My
grandfather was a
prisoner of
war of
the Japanese during
WWII. As I was eventually to find out he had been
stationed in
Hong Kong not long before the outbreak of the war. He was a
bandsman in the
Scotch Guards (He used to talk about how he had been a
French Horn player in the
Hong Kong Symphony Orchestra).
However this story starts long before I was ever able to find out this much
detail. In truth it starts back then when the Japanese invaded Hong Kong during
December1941, in what was by all accounts a brutal invasion, before the
British surrendered on Christmas Day. But this was all long before I became
some small part of it, and I can only tell what I know and what I can piece
together from the fragments that I have been able to gather.

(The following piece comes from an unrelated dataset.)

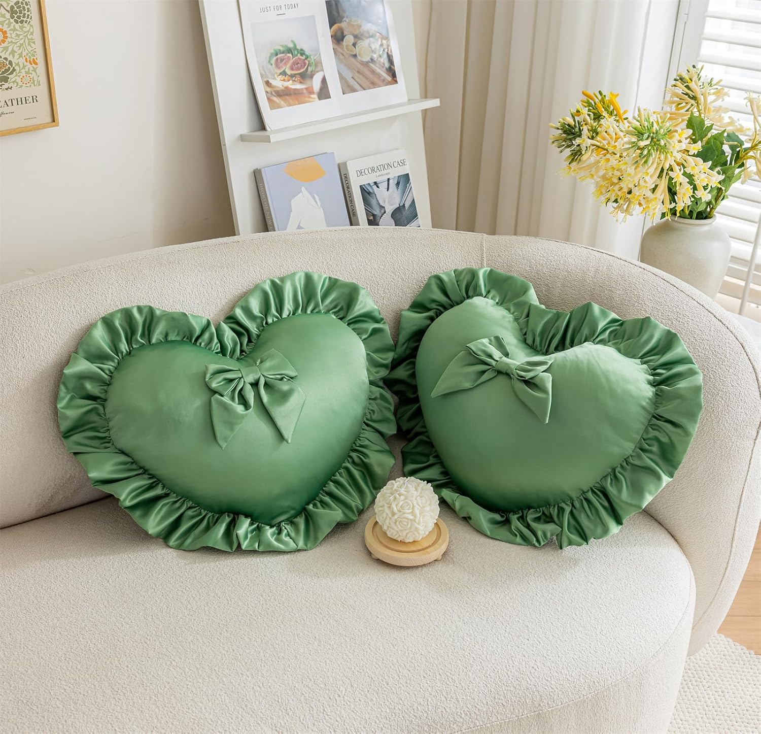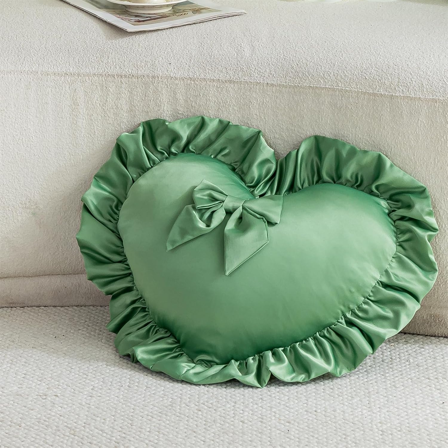 Heart Pillows, Cute Ruffled Heart Shaped Throw Pillows with Bow Soft Stuffed Love Decorative Pillow Cushion for Sofa Couch Bed Girl Room Chair Car Living Room, Green

I can not remember a time in my life when I was not aware of the fact that
my grandfather had been a Prisoner of War , nor can I can remember a time
when I knew anything more that this single stark fact. All through my
childhood it was like a black hole, something that, no matter how hard you
stared into it, never reflected back any light. All there was was a sense of
bitterness and rancour that would occasionally spill out if anybody mentioned the
Japanese and an impression of my Grandfather (actually my step-grandfather) as a
man who could never quite settle down, who was always throwing himself into some
new thing, some hobby or other, only to drop it a few months later before moving on to something else.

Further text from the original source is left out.